What is required:
Include the line with "本文在二维空间区域连通的基础" and every line before it in the entries below, echoed exactly, but not the pictures.

The input:

*** Begin section ***

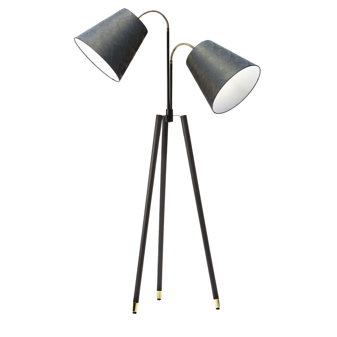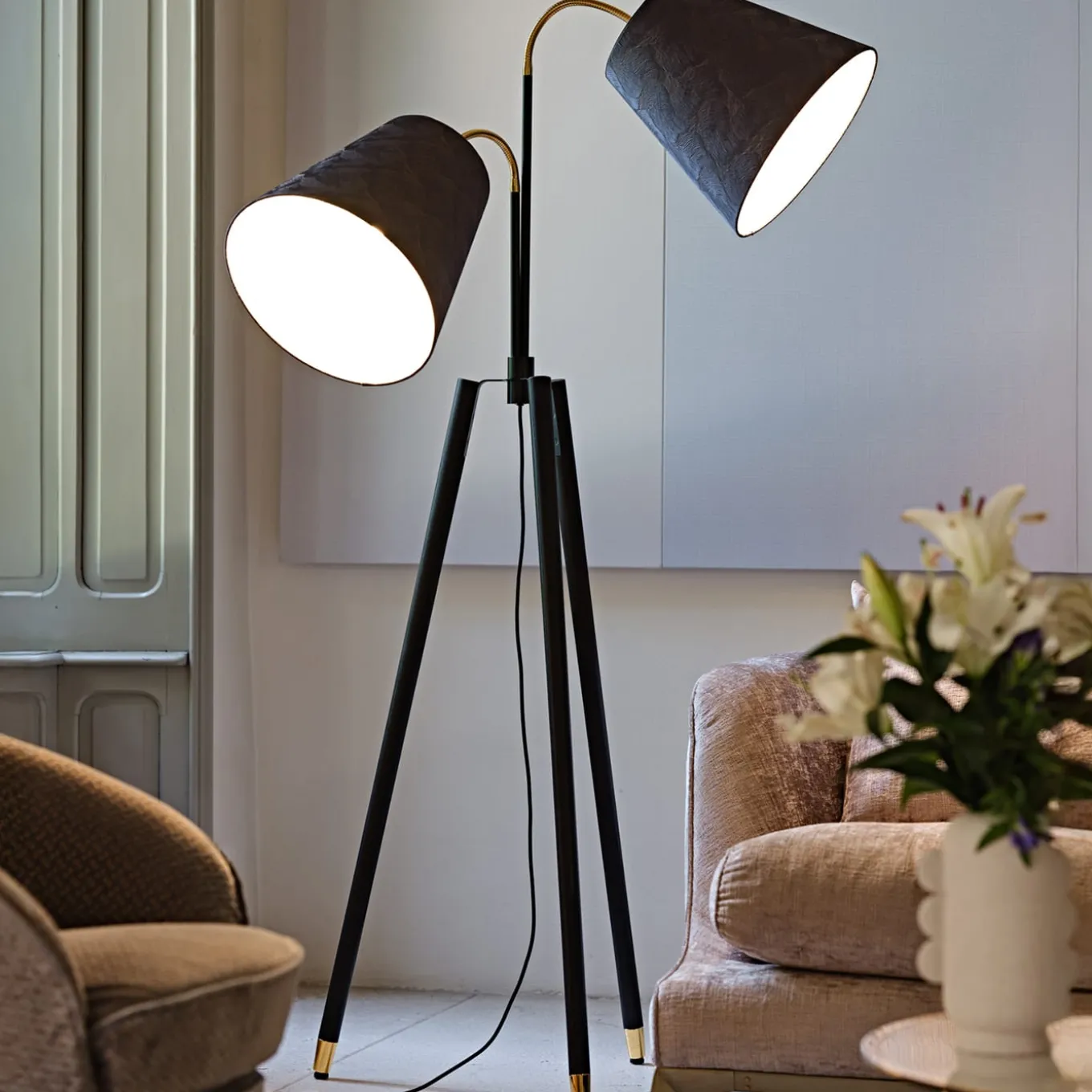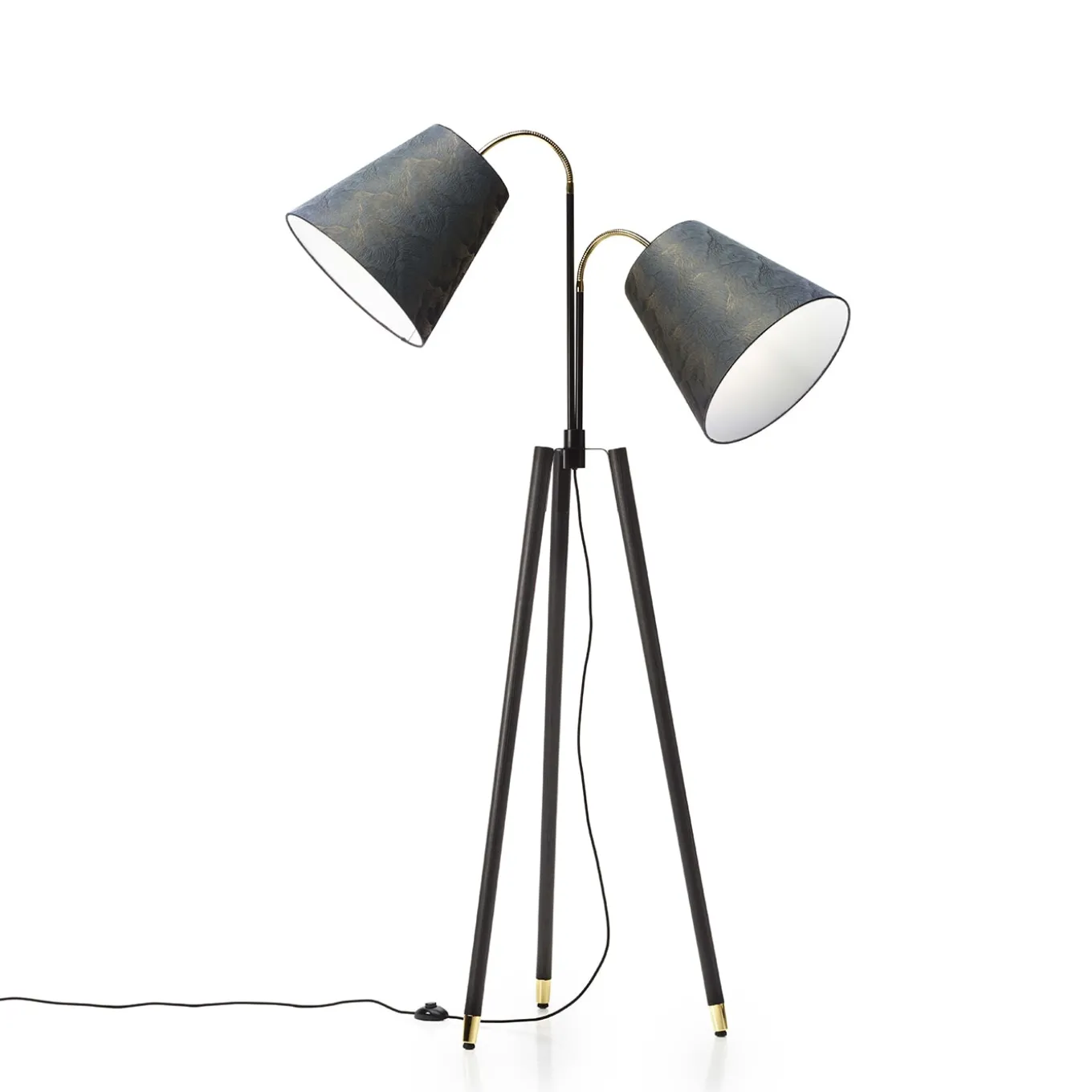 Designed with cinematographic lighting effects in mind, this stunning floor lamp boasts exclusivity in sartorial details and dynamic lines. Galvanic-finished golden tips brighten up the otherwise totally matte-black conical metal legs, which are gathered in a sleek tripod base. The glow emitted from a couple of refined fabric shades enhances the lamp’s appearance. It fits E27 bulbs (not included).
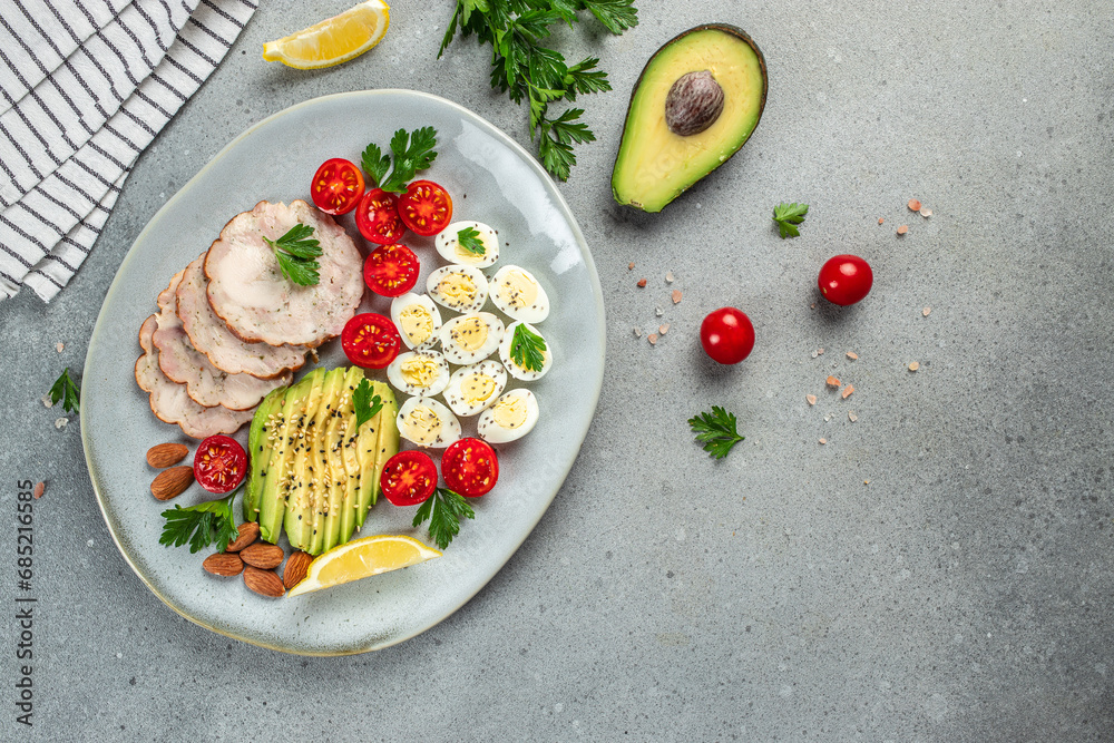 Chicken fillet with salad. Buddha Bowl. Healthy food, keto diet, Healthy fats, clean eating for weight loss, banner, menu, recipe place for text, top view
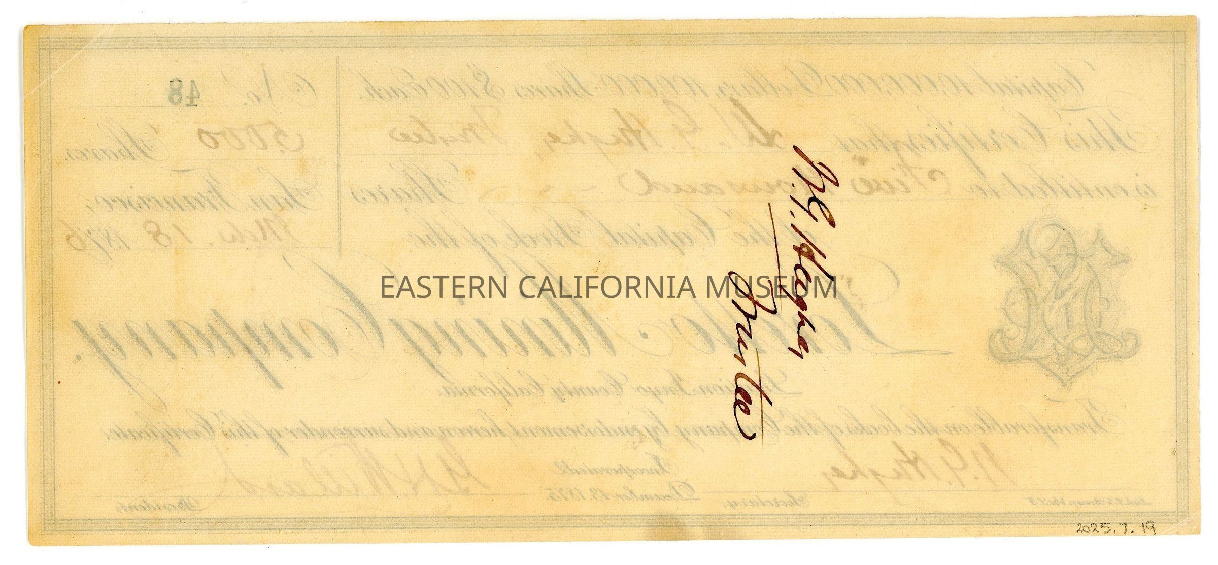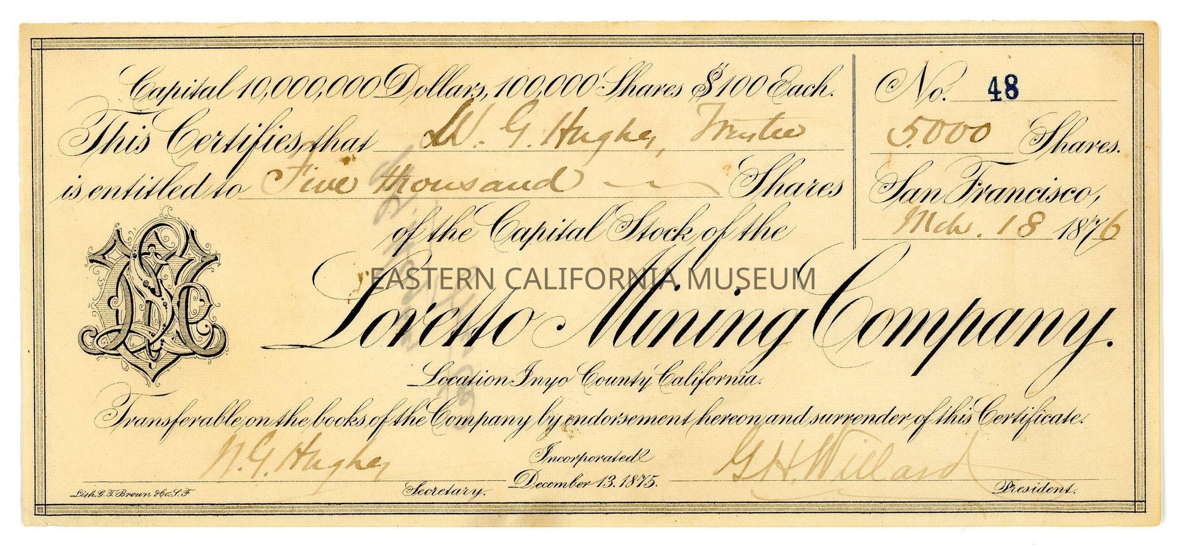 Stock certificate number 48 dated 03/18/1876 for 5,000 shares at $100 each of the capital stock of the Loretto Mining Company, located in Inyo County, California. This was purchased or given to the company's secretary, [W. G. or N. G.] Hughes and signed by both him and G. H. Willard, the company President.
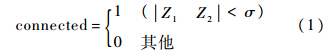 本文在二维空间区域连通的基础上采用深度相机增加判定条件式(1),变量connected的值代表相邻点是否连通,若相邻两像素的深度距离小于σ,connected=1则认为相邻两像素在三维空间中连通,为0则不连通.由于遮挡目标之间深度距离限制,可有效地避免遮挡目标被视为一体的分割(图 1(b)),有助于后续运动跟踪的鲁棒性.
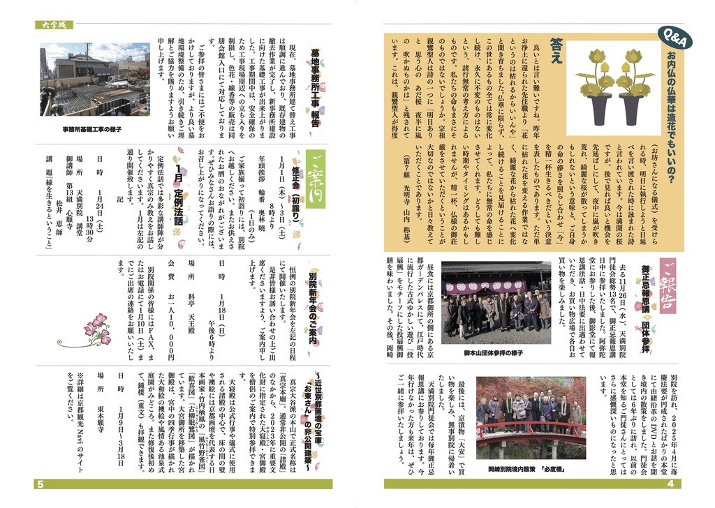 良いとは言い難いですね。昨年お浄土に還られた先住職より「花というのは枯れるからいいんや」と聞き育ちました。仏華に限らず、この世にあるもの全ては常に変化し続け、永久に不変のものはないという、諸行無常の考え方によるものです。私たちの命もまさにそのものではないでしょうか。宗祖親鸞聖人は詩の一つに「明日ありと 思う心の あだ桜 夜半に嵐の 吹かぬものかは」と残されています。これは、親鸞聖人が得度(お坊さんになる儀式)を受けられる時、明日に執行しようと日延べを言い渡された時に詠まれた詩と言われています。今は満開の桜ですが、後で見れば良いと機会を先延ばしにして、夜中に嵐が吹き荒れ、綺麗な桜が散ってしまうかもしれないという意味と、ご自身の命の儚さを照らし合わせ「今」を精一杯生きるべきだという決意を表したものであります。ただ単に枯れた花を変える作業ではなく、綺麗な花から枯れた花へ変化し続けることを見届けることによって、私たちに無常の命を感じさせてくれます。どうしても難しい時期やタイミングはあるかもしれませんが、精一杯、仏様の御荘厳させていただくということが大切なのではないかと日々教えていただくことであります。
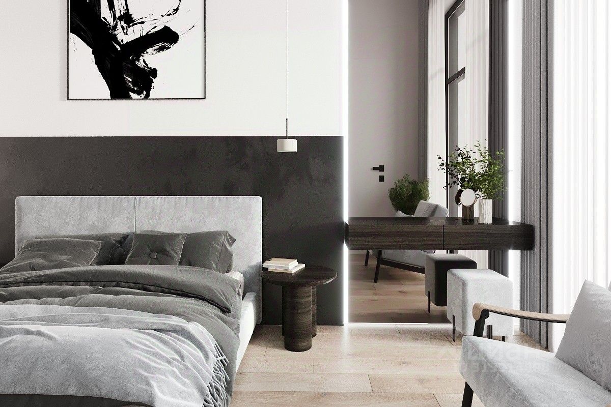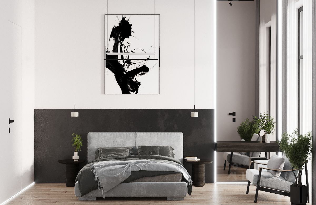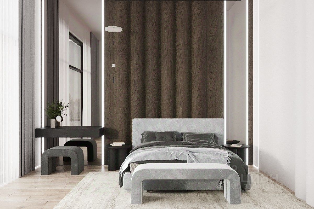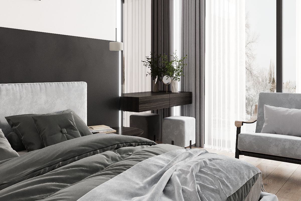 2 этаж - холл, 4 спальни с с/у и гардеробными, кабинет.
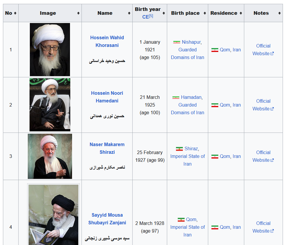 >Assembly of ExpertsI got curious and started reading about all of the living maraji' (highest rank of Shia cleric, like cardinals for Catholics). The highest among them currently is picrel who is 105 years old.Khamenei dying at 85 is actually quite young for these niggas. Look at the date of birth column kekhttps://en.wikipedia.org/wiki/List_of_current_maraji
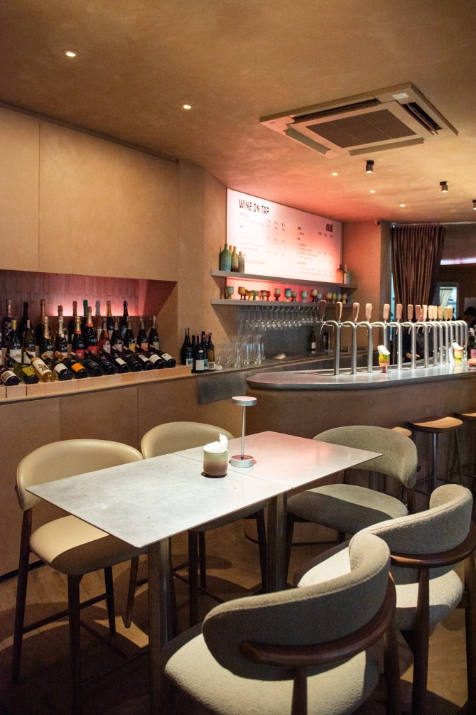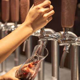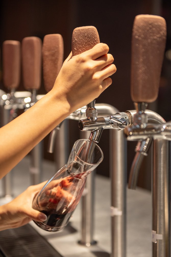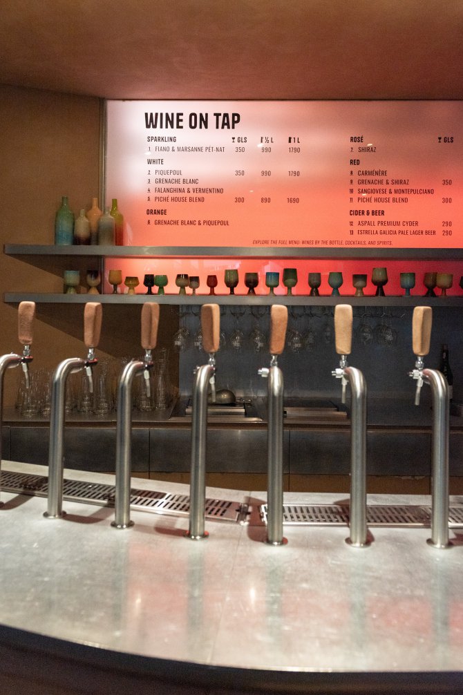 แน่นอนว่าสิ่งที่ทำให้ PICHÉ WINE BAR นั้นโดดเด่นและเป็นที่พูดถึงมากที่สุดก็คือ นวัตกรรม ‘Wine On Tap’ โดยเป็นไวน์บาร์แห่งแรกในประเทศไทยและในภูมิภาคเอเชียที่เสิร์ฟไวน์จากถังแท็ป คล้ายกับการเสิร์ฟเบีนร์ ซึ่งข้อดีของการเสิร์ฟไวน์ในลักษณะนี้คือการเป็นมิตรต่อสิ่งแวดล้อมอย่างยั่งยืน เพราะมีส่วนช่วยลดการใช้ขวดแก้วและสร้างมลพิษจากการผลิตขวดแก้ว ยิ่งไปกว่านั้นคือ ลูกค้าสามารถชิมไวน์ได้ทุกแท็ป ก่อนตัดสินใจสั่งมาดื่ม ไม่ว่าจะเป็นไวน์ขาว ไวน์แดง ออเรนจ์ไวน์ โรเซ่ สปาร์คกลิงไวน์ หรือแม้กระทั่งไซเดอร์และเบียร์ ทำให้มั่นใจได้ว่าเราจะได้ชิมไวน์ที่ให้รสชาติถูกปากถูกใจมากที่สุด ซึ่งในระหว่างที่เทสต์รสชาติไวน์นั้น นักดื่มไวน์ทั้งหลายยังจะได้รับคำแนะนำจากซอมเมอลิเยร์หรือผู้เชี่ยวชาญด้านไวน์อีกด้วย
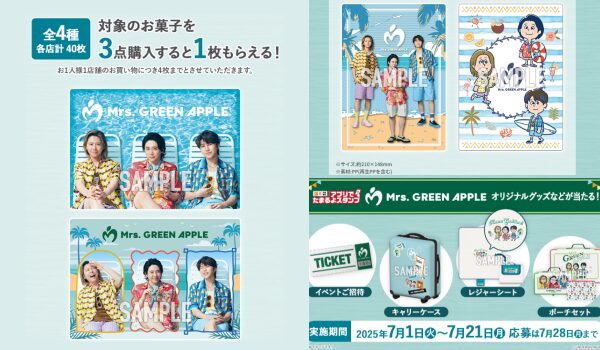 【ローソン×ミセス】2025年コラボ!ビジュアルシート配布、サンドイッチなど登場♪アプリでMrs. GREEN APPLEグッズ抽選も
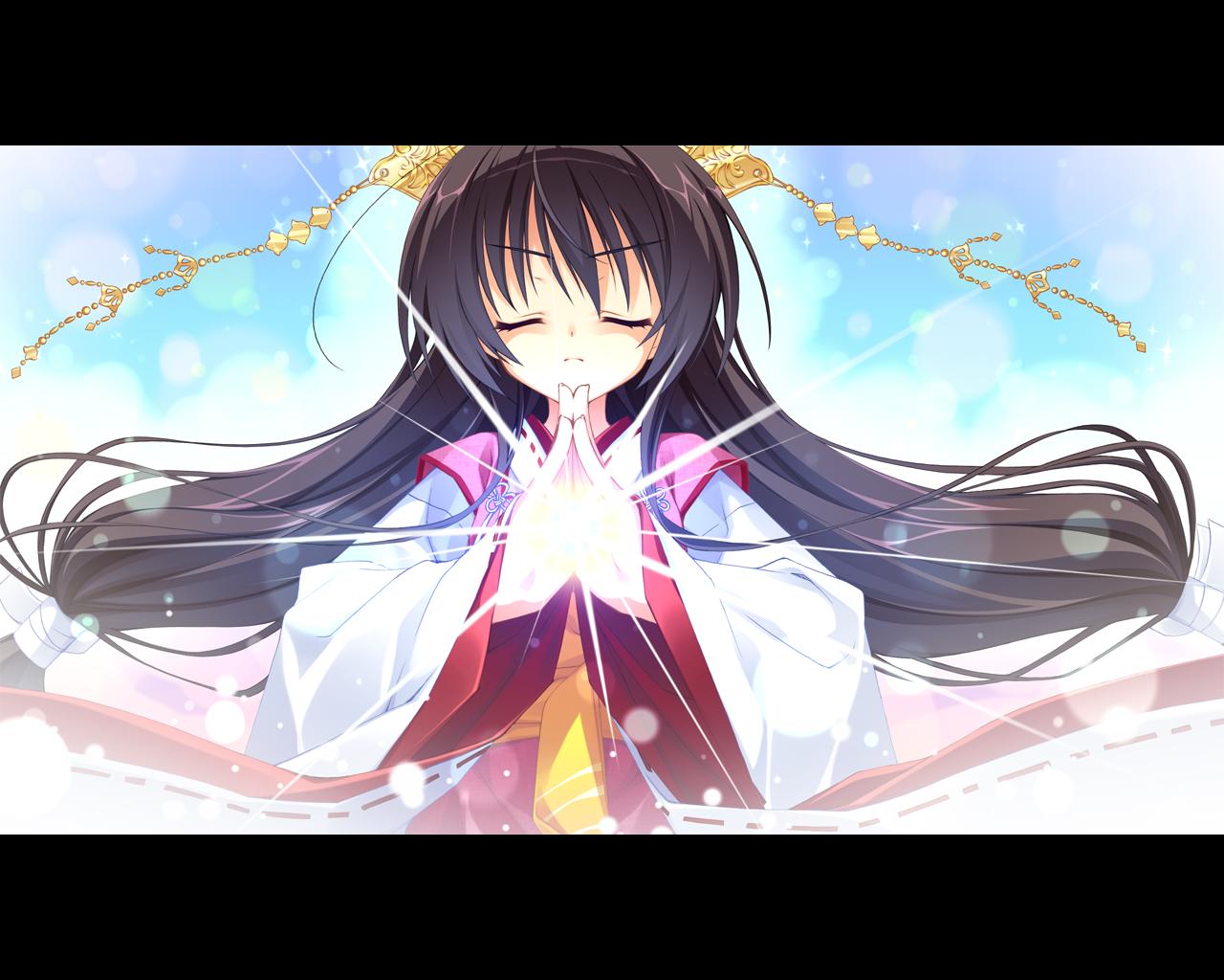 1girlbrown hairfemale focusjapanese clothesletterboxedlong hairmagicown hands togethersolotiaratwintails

*** End section ***

Task solution:
 Designed with cinematographic lighting effects in mind, this stunning floor lamp boasts exclusivity in sartorial details and dynamic lines. Galvanic-finished golden tips brighten up the otherwise totally matte-black conical metal legs, which are gathered in a sleek tripod base. The glow emitted from a couple of refined fabric shades enhances the lamp’s appearance. It fits E27 bulbs (not included).
 Chicken fillet with salad. Buddha Bowl. Healthy food, keto diet, Healthy fats, clean eating for weight loss, banner, menu, recipe place for text, top view
 Stock certificate number 48 dated 03/18/1876 for 5,000 shares at $100 each of the capital stock of the Loretto Mining Company, located in Inyo County, California. This was purchased or given to the company's secretary, [W. G. or N. G.] Hughes and signed by both him and G. H. Willard, the company President.
 本文在二维空间区域连通的基础上采用深度相机增加判定条件式(1),变量connected的值代表相邻点是否连通,若相邻两像素的深度距离小于σ,connected=1则认为相邻两像素在三维空间中连通,为0则不连通.由于遮挡目标之间深度距离限制,可有效地避免遮挡目标被视为一体的分割(图 1(b)),有助于后续运动跟踪的鲁棒性.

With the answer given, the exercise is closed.